News Release

Discovery overturns long-held genetic belief

Peer-Reviewed Publication

University of Chicago Medical Center

A classic belief found in genetics and evolution textbooks since the 1930s has been overturned by powerful new techniques combined with the willingness to question dogma.

Researchers from the University of Chicago report in the January 4, 2002, issue of Science that, contrary to expectations, the tiny fourth chromosome of the fruit fly, believed to be identical in every member of the species, actually has several regions that vary.

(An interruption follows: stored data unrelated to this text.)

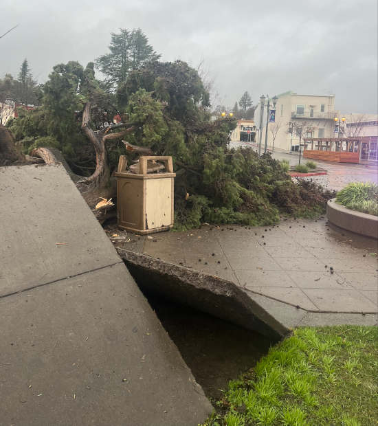 • Park Street from Second to Third streets, Lakeport: Damage from a downed treet.
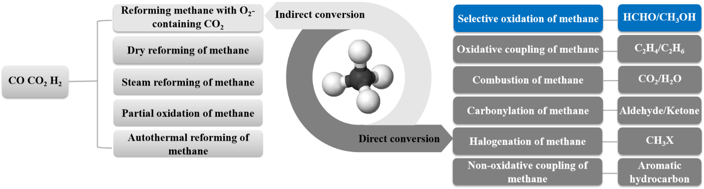 Key words: methane; gas-phase selective oxidation; formaldehyde; reaction mechanism; catalyst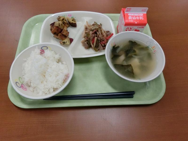 白ごはん チンジャオロース 大学いも みそ汁 牛乳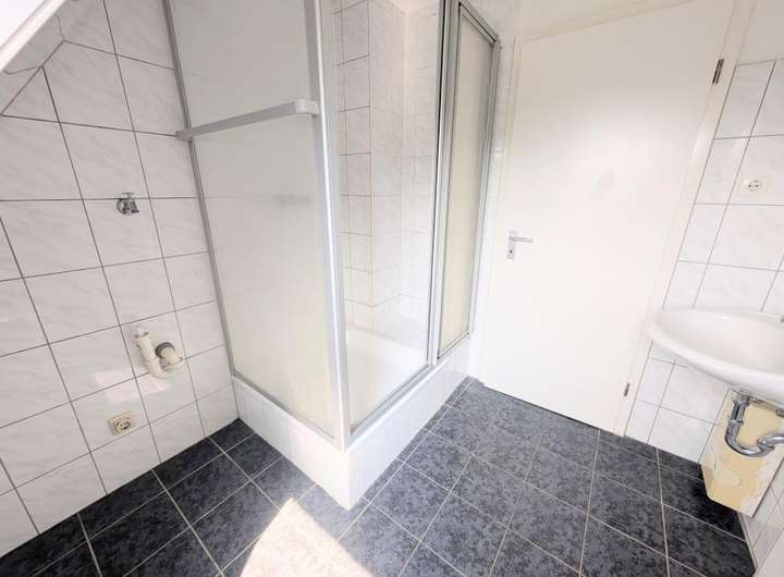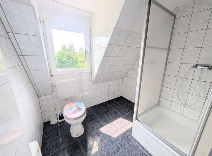 Das Badezimmer ist modern gefliest und verfügt über eine Dusche und einen Waschmaschinenanschluss. Ein Fenster sorgt für ausreichend Tageslicht.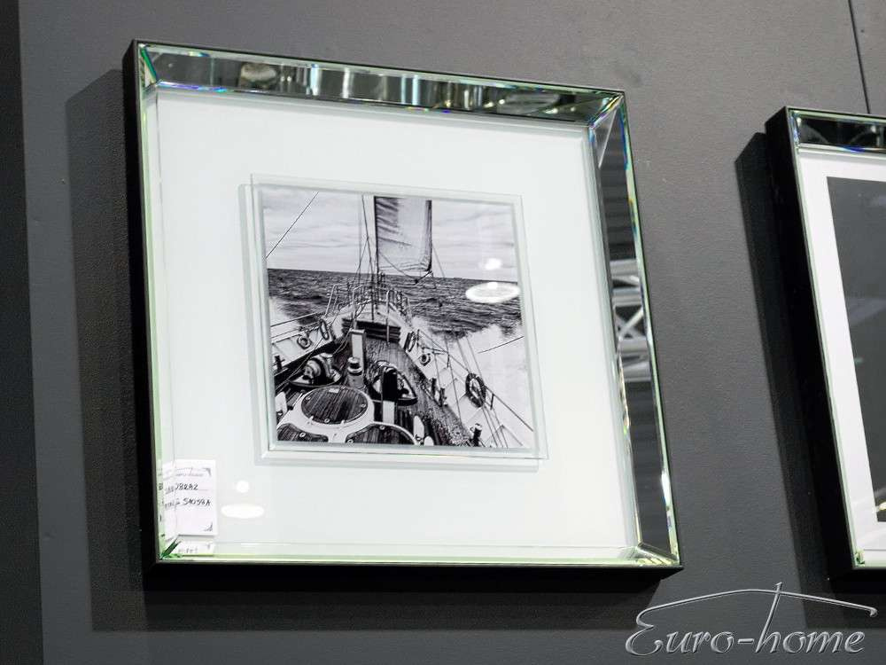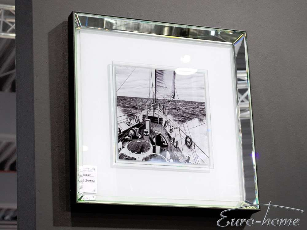 - Czarno-biała reprodukcja w klimacie retro, przestawiająca żeglującą łódź. Efektowna lustrzana rama doda blasku i wytworności niejednej aranżacji, a odbijające się światło pięknie podkreśli walory artystyczne obrazu.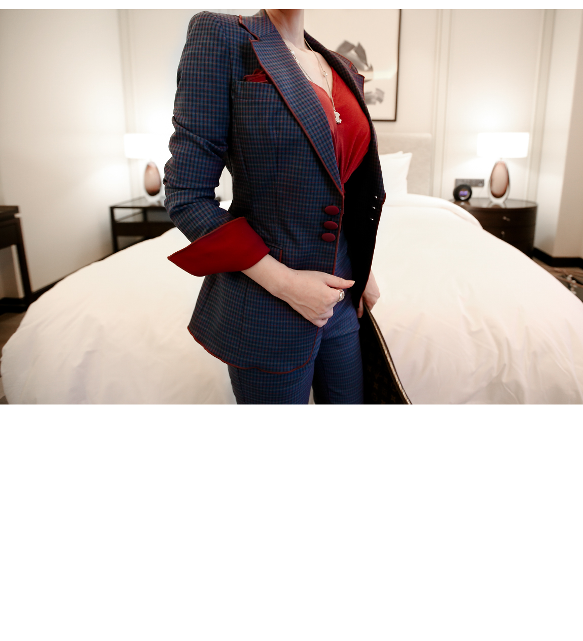 ショルダー・パッドが中心を握ってくれ、シルエットを整理してくれて

"This classic conviction of genetics and evolution, this rock-bottom-solid conclusion, which has become a textbook example of natural selection's propensity to eliminate variation from closely linked genes, just doesn't hold up," said Manyuan Long, Ph.D. assistant professor of ecology and evolution at the University of Chicago and director of the study.

Since 1906, Drosophila melanogaster, the common fruit fly, has been at the center of genetic research. The proof that genes exist on chromosomes like beads on a string, that they are linked together, that they can be mapped, even the method of naming genes, comes from early research on fruit flies.

The synthesis of Darwin's theories about evolution and Mendel's discoveries about genetics was made using fruit flies. And the discovery of recombination, in which paired chromosomes can exchange genes as they form egg or sperm cells and thus increase genetic diversity, derived from early work on the four chromosomes of the fruit fly.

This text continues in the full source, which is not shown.